As part of PRODUCT at Edinburgh Sculpture Workshop, Andrew Gannon presents the results of his recent residency there. We chat to him about the fine art of performance and how much is 'just enough'

Feature by Adam Benmakhlouf | 30 Jul 2013

Textual description with deadpan conciseness accompanies a clean line drawing. Andrew Gannon’s work is economical. He summarises his practice with the questions: “How much can be taken away from something without taking away from it? How can I get the art that I make to be really, really light?" Answer: he removes all excessive elements and makes work that is close to being nothing.

In the most literal sense, he precariously balances his five planned performances for PRODUCT on these "light" foundations - admitting he hasn’t managed the proposed Standing on the Skirting in all Corners for more than six minutes before falling over. Gannon approached the ESW residency that this show follows "with the full intention of using the space. All the work was to do with being in the studio." Faithful to his pared down ethos, he kept the studio completely empty.
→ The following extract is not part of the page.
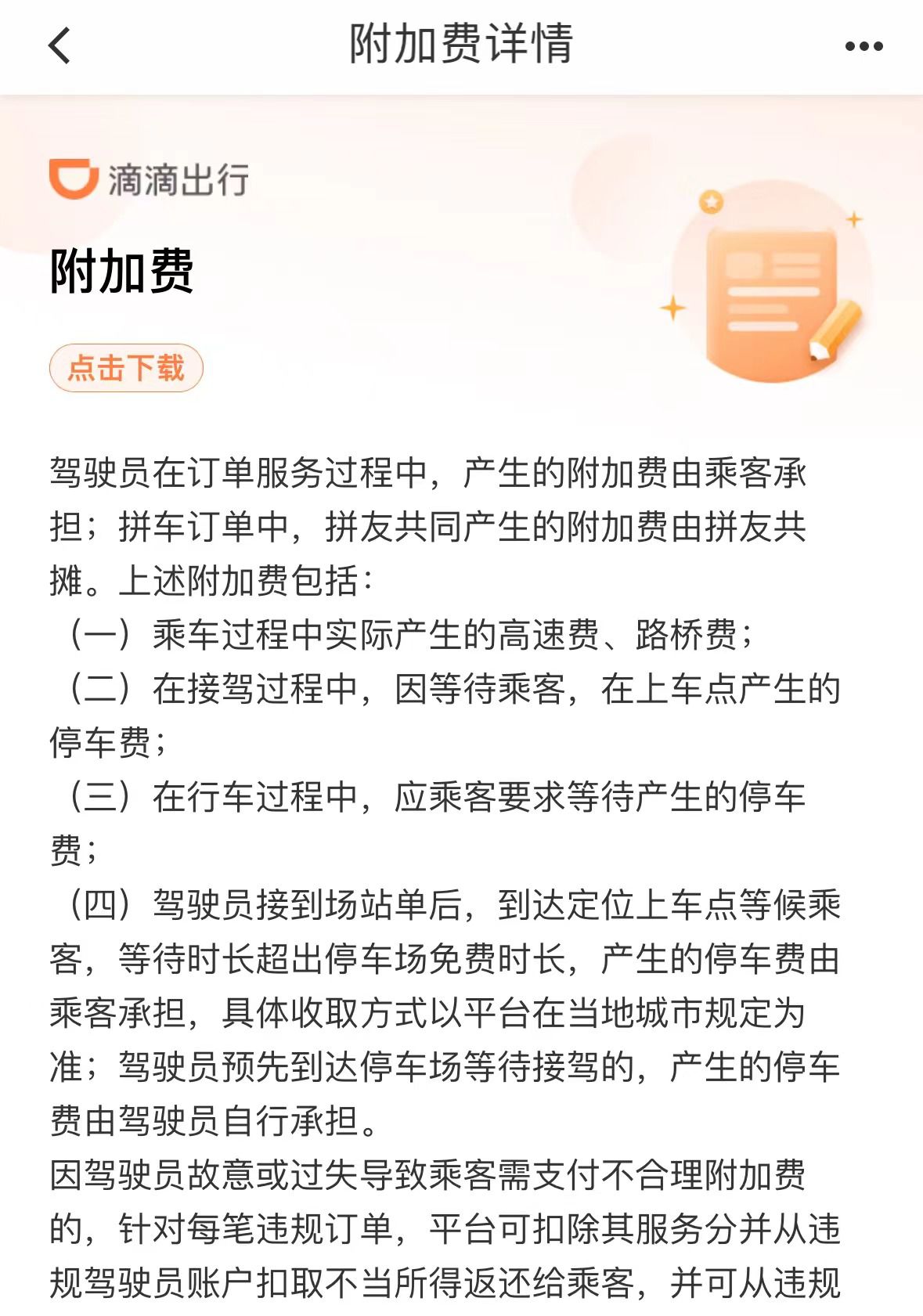 澎湃新闻记者打开滴滴平台,在我的-设置-服务协议与规则-费用规则-附加费中提到,附加费包括:在接驾过程中,因等待乘客,在上车点产生的停车费;驾驶员接到场站单后,到达定位上车点等候乘客,等待时长超出停车场免费时长,产生的停车费由乘客承担,具体收取方式以平台在当地城市规定为准。

Production thus amounts to obsessive subtraction, until the point of “just enough.”

Though this strategy is evident throughout the work he plans to include in PRODUCT, it's most obviously expressed in the work in which Gannon stands legs spread apart in his studio - as well as its no-nonsense title, Standing Work. It’s risky work, and not just because he might actually fall flat on his face. Having deliberately decided a set of circumstances that allows for works that “might work or fail or change, what they’re really going to be” is unclear until they actually happen. But as it’s the showcase of a residency rather than a regular exhibition, a little fluidity is expected, and he’s making the most of this. In Gannon’s ideal world, the works will go as planned to an extent, but “will be better by something else happening,” but he has “no way of knowing what it’ll be.”

An instance of this shifting of the work into a new direction took place while Gannon was making Work with Newspaper. As he was "lying on the floor, face covered with newspaper,” his immediate sense of the piece was that “it was funny; it was ridiculous." Complicating this view of the work, Gannon's friend instead associated it with the organisation of dead bodies in sports stadiums after genocidal atrocities: often only the faces are covered. By pushing work as close as possible to being nothing, Gannon potentiates these moments of surprise: the shock when “almost nothing” so spontaneously substantiates itself into something so heavily associative.

As well as this concern with lightness, Gannon's work continues to return to a reflexive interest in the documentation of performance work. In PRODUCT, each of the five performances corresponds to one of five sets of prints that will be exhibited during the show. Gannon classifies the prints as somewhere between proposal and just drawing: “The prints present the performances as what they are: quite simple actions, stupid or absurd or seemingly very slight little things.” They are intended to present more immediately the difficulties of documenting performance work. That as soon as you add in duration, people, it becomes temporal and complicated by things you wouldn’t have imagined. These simply-produced drawings make no claims to being authoritative original work.

Providing just enough information about the performance, the posters could be teasing invitations to remake the work: passive spectatorship isn’t provided. During his cutbacks, he’s disposed of any residual artistic privilege or authority to shape or narrow the experience of his work. He’s a bit of a chancer, and that’s always exciting.